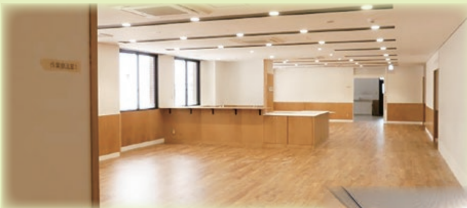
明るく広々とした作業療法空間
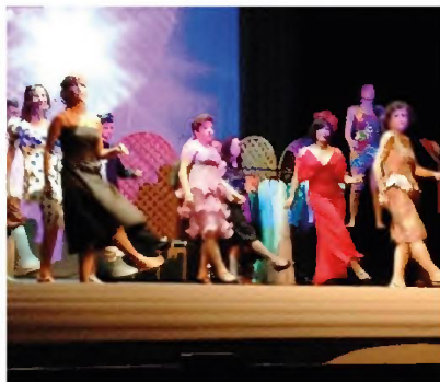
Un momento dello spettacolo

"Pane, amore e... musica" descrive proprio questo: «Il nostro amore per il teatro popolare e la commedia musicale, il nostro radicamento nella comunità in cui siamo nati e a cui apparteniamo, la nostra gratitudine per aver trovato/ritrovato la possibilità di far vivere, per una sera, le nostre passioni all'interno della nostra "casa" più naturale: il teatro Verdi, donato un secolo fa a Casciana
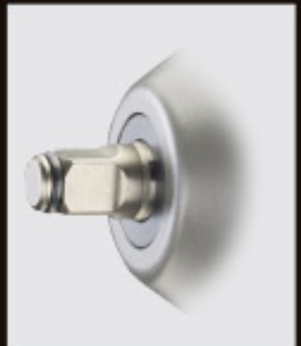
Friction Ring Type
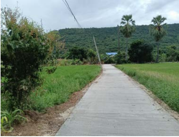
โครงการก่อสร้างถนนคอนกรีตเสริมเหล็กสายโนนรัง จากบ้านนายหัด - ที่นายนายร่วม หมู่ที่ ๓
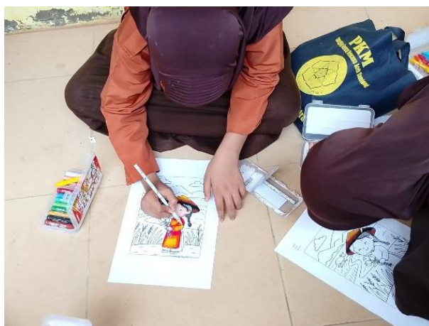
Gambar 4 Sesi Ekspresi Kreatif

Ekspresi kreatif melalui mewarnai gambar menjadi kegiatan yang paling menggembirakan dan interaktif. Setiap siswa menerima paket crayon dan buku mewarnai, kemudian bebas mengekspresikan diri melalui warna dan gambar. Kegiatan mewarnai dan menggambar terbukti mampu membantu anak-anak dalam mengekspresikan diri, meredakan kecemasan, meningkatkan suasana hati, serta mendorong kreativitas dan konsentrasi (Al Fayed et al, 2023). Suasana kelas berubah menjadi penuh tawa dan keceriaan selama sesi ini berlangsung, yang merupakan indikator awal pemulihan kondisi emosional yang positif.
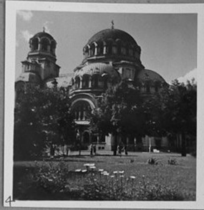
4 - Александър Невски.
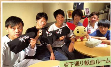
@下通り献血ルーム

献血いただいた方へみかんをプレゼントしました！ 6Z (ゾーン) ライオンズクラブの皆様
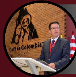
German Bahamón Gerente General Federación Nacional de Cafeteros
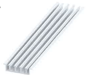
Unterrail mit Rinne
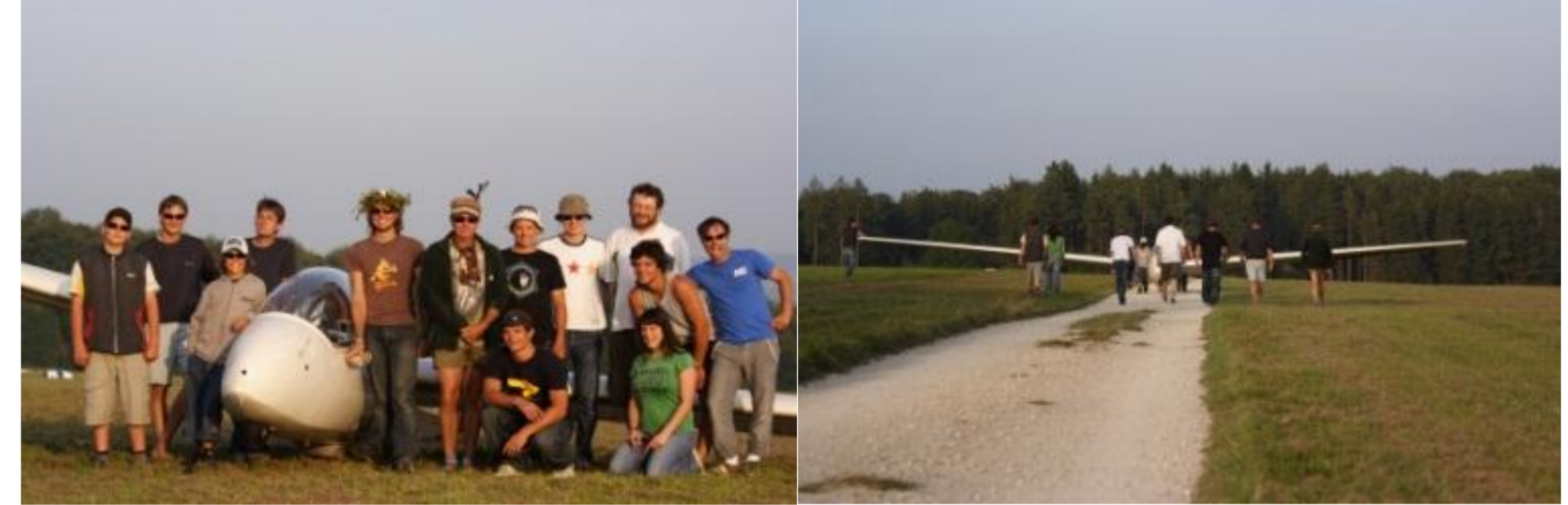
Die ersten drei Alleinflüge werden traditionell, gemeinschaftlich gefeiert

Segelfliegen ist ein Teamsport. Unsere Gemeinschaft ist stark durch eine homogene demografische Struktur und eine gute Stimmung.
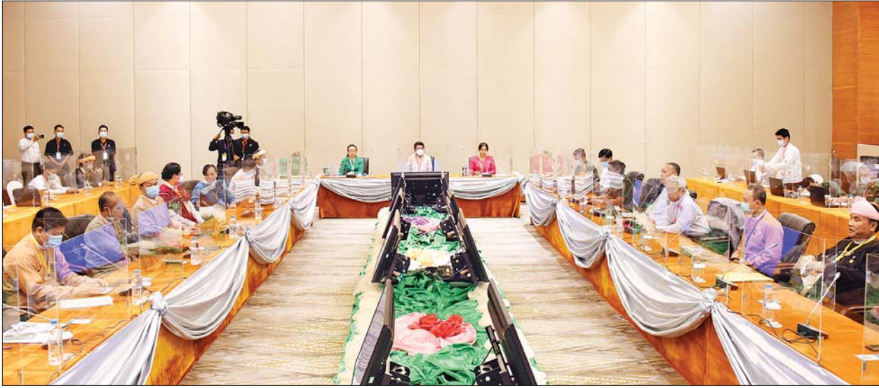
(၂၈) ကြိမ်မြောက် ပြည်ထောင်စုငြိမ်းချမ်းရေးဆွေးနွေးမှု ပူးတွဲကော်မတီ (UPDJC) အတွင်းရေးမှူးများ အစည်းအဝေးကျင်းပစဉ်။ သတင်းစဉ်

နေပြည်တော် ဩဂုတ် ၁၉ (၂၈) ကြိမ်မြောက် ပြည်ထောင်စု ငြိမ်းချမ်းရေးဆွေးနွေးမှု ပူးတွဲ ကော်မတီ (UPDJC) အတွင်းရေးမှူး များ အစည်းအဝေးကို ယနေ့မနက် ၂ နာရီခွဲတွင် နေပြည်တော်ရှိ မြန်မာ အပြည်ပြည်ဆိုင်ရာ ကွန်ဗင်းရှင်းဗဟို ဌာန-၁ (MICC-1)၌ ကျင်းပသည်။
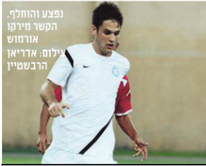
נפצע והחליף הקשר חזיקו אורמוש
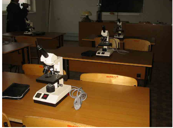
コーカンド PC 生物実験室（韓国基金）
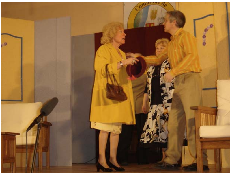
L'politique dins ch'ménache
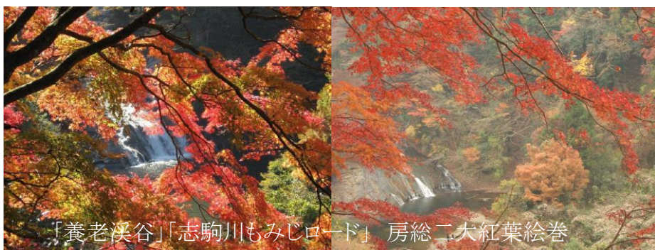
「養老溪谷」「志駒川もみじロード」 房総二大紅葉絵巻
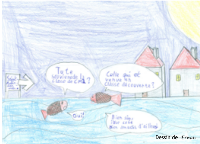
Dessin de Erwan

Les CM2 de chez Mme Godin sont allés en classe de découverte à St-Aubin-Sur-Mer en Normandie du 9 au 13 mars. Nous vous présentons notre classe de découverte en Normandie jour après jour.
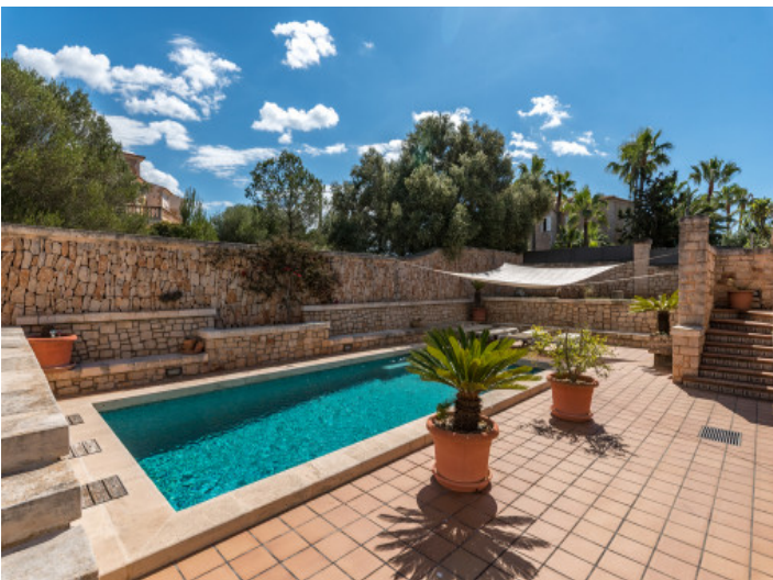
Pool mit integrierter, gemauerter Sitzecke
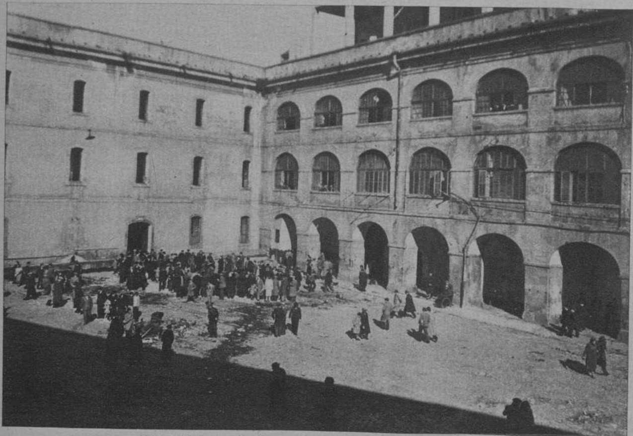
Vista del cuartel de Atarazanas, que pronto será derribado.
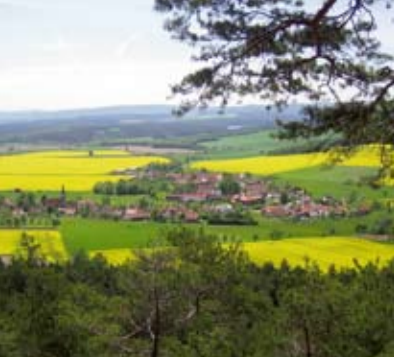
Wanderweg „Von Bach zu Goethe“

> **To do**
The expected answer is the data retyped exactly, without pictures.

> **Answer box**
明るく広々とした作業療法空間
Un momento dello spettacolo

"Pane, amore e... musica" descrive proprio questo: «Il nostro amore per il teatro popolare e la commedia musicale, il nostro radicamento nella comunità in cui siamo nati e a cui apparteniamo, la nostra gratitudine per aver trovato/ritrovato la possibilità di far vivere, per una sera, le nostre passioni all'interno della nostra "casa" più naturale: il teatro Verdi, donato un secolo fa a Casciana
Friction Ring Type
โครงการก่อสร้างถนนคอนกรีตเสริมเหล็กสายโนนรัง จากบ้านนายหัด - ที่นายนายร่วม หมู่ที่ ๓
Gambar 4 Sesi Ekspresi Kreatif

Ekspresi kreatif melalui mewarnai gambar menjadi kegiatan yang paling menggembirakan dan interaktif. Setiap siswa menerima paket crayon dan buku mewarnai, kemudian bebas mengekspresikan diri melalui warna dan gambar. Kegiatan mewarnai dan menggambar terbukti mampu membantu anak-anak dalam mengekspresikan diri, meredakan kecemasan, meningkatkan suasana hati, serta mendorong kreativitas dan konsentrasi (Al Fayed et al, 2023). Suasana kelas berubah menjadi penuh tawa dan keceriaan selama sesi ini berlangsung, yang merupakan indikator awal pemulihan kondisi emosional yang positif.
4 - Александър Невски.
@下通り献血ルーム

献血いただいた方へみかんをプレゼントしました！ 6Z (ゾーン) ライオンズクラブの皆様
German Bahamón Gerente General Federación Nacional de Cafeteros
Unterrail mit Rinne
Die ersten drei Alleinflüge werden traditionell, gemeinschaftlich gefeiert

Segelfliegen ist ein Teamsport. Unsere Gemeinschaft ist stark durch eine homogene demografische Struktur und eine gute Stimmung.
(၂၈) ကြိမ်မြောက် ပြည်ထောင်စုငြိမ်းချမ်းရေးဆွေးနွေးမှု ပူးတွဲကော်မတီ (UPDJC) အတွင်းရေးမှူးများ အစည်းအဝေးကျင်းပစဉ်။ သတင်းစဉ်

နေပြည်တော် ဩဂုတ် ၁၉ (၂၈) ကြိမ်မြောက် ပြည်ထောင်စု ငြိမ်းချမ်းရေးဆွေးနွေးမှု ပူးတွဲ ကော်မတီ (UPDJC) အတွင်းရေးမှူး များ အစည်းအဝေးကို ယနေ့မနက် ၂ နာရီခွဲတွင် နေပြည်တော်ရှိ မြန်မာ အပြည်ပြည်ဆိုင်ရာ ကွန်ဗင်းရှင်းဗဟို ဌာန-၁ (MICC-1)၌ ကျင်းပသည်။
נפצע והחליף הקשר חזיקו אורמוש
コーカンド PC 生物実験室（韓国基金）
L'politique dins ch'ménache
「養老溪谷」「志駒川もみじロード」 房総二大紅葉絵巻
Dessin de Erwan

Les CM2 de chez Mme Godin sont allés en classe de découverte à St-Aubin-Sur-Mer en Normandie du 9 au 13 mars. Nous vous présentons notre classe de découverte en Normandie jour après jour.
Pool mit integrierter, gemauerter Sitzecke
Vista del cuartel de Atarazanas, que pronto será derribado.
Wanderweg „Von Bach zu Goethe“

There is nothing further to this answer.